2.6. Conclusion Perhaps the most important high-level conclusion from this work is that the full-scale capture plant can be designed and procured to the standard required to enable FID. All the identified technical risks, costs uncertainties and permitting and project delivery challenges for the capture plant were successfully managed. The necessary technology is considered to be available for full scale post-combustion capture. Pilot plants have proved very valuable for testing and improving the ROAD capture plant design. Research done after the first design was fixed in 2011 led to a number of design improvements in the updated design of 2017. Most notable were the addition of a wet electrostatic precipitator to counter aerosols (which only occurs in some coal-fired and industrial flue gases), and improvement to the solvent management to minimise corrosion and solvent degradation. The Wilhelmshaven pilot also confirmed Fluor’s predictions on capture efficiency and thermodynamic performance, reducing the project risk. We recommend that future project developers stay close to the research community to ensure state-of-the-art engineering (Kooistra et al., 2018). A significant effort was made to optimise the integration of the capture plant with the power station, and this gave efficiency improvements, cost reductions, reduced freshwater usage and increased operational flexibility.

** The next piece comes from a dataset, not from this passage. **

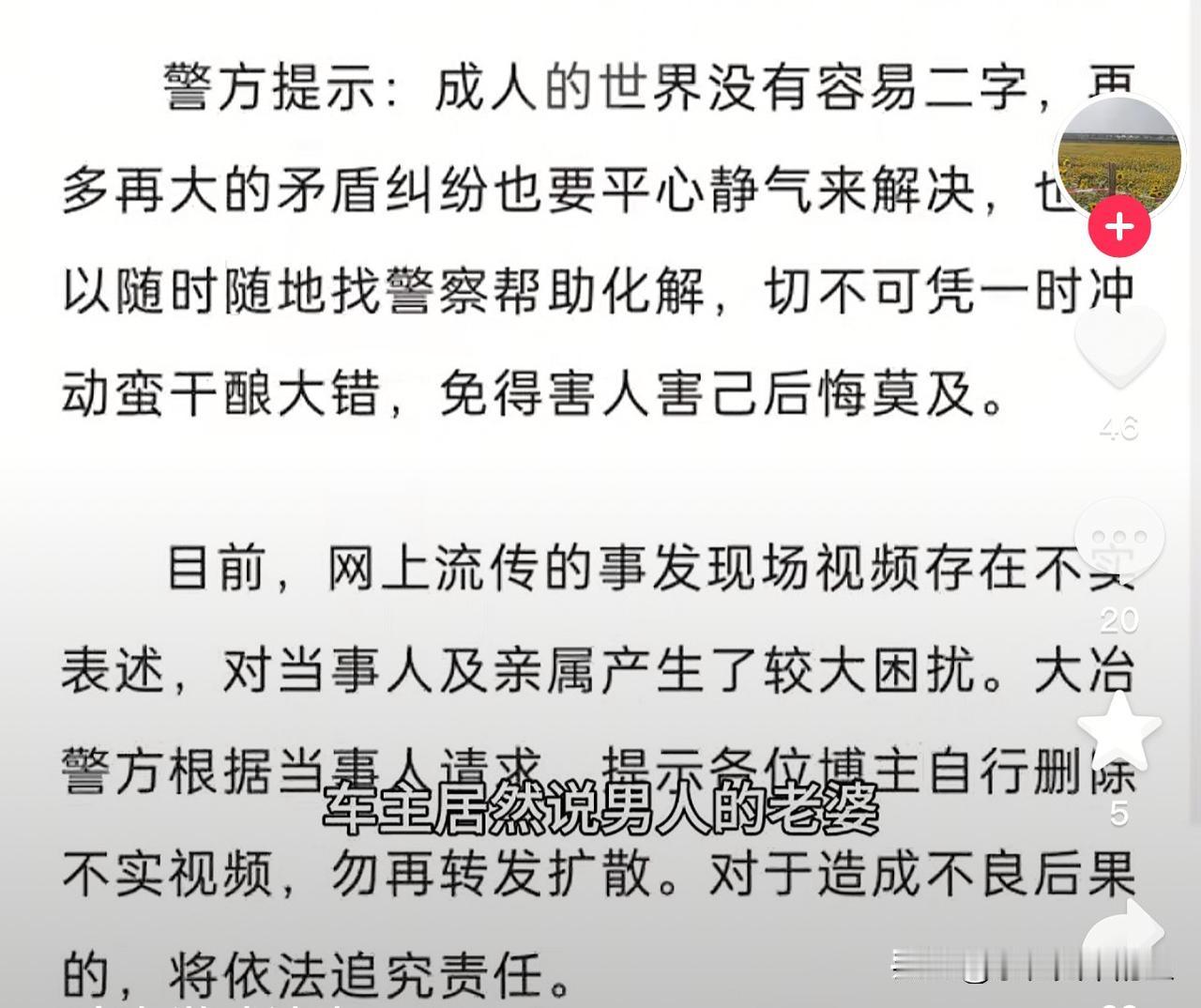 真相大白了!湖北大冶带着女儿砸车的男子,砸的是他老婆的车,目前已经和好。 当天,两口子发生矛盾,男的骑电动车带着女儿在一个路口把开车的妻子截停,二话不说,拿起砖头就往车玻璃上砸,吓得孩子哇哇大哭,小女孩还上前想阻止爸爸。 可男子那时候情绪彻底失控,根本没管孩子,不一会就把车玻璃砸了个大洞。 司机倒是挺冷静的,她没敢下车,而是倒车躲避,男子不依不饶,追上去接着砸,女儿全程目睹了爸爸的疯狂行为。 视频曝光后,网友议论纷纷,视频拍摄者猜测男子被轿车溅水了才失控,经过各大媒体转发,男子被推到了舆论的风口浪尖。 很快,当地发出通报,将事实还原,两人并非陌生人,而是夫妻,发生矛盾的原因是家庭纠纷,当天晚上,男子主动到案,被行政处罚,两口子在调解下重归于好。 冲动是魔鬼,男子砸车的时候,旁边还有车辆经过,女孩在马路中间太危险了,还好没发生什么不好的事,否则夫妻俩后悔一辈子。 女孩绝望的哭声令旁观者都觉得心疼,这件事不知道要过多久才能抚平心灵上带来的伤害,太可怜了。 成年人的世界没有容易二字,不管发生什么,暴力不仅解决不了问题,还会带来更多麻烦,情绪稳定太重要了!
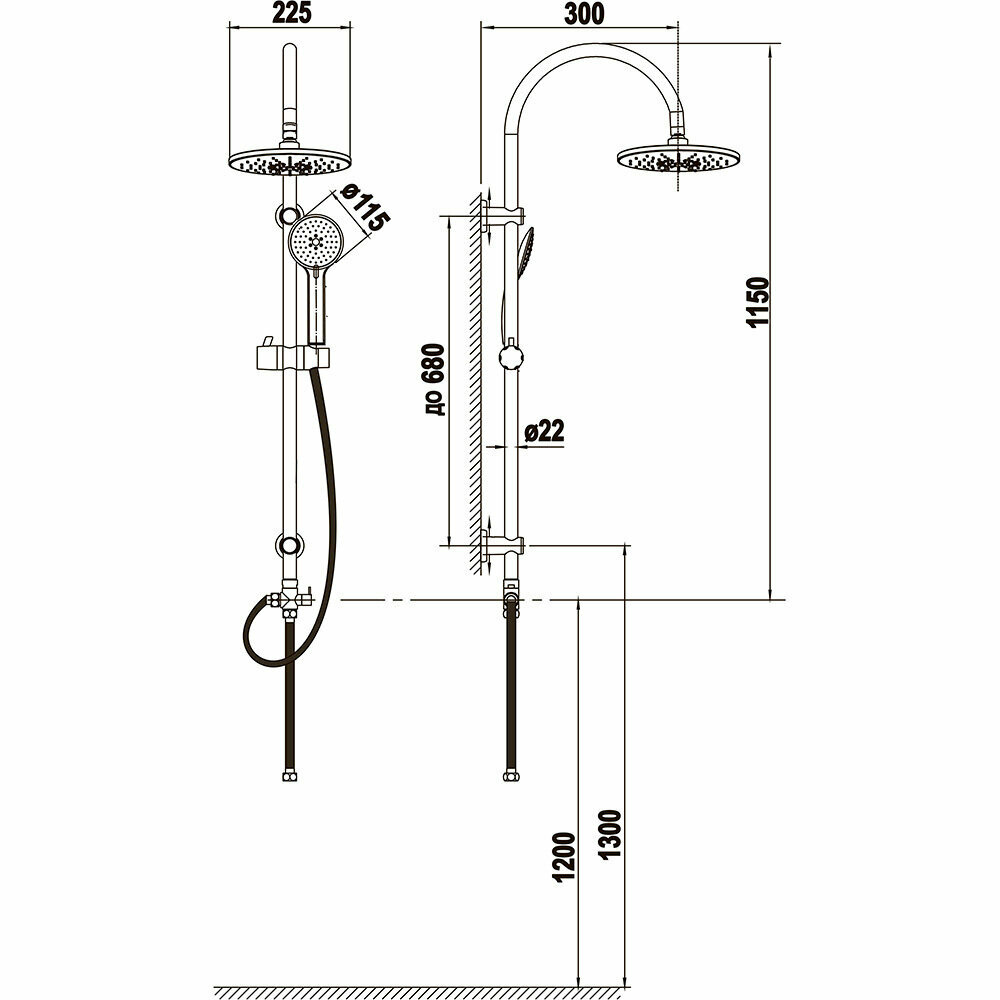Купить Душевой комплект ARGOtech Agnes AGD 25.1101 B со шлангом 1500 мм с лейкой d115 мм со стойкой 1150 мм с верхним душем d225 мм

3.2. Transport 3.2.1. Description For Storage in P18-4 a 16″ carbon steel pipeline needs to be constructed running 5 km over land and about 20 km across the seabed to the P18-A platform in the North Sea. The pipeline has a transport capacity of around 5 million tonnes per year. It is designed for a maximum pressure of 140 bar and a maximum temperature of 80 °C. The mass flow in the ROAD project is 1.1 Mtpa, which equates to about 47 kg/s with full load during 6,500 h. The pipeline was deliberately oversized as a pre-investment for a subsequent phase of injecting in more reservoirs. For Storage in the nearshore Q16-Maas reservoir the transport of CO2 would require a shorter pipeline over land of 6 km to the current production site for Q16-Maas, operated by Oranje-Nassau Energie. The selected pipeline design would have a diameter of 24 inch and a transport capacity of in excess of 6 Mt per year. It was designed for a maximum pressure of 40 bar although in the first phase operation at 20 bar was planned (Table 2). Final compression to injection pressure (around 80 bar) would be required at the injection site (Read and Kombrink, 2018). Doing the final compression at the Q16-Maas wellhead allowed the pressure and temperature after the compressor discharge cooler to be optimized for the well itself, avoiding any need for choking at the wellhead, or overpressurising to prevent two-phase flow in the pipeline. This avoided all the issues with two-phase flow in the P18-4 design where wellhead compression was not economically feasible. The selection of 20 bar operating pressure and 40 bar design pressure was chosen to match the existing OCAP CO2 system parameters, which it was hoped that the pipeline would also connect to. This is a subcritical existing CO2 system in the Rotterdam harbour area. Aside from the dryness of the CO2, which was to avoid risk of corrosion in the pipeline, the CO2 specification was the outcome of the chosen capture technology. Amine-based capture technologies are highly selective for CO2 and therefore naturally produce a very pure stream.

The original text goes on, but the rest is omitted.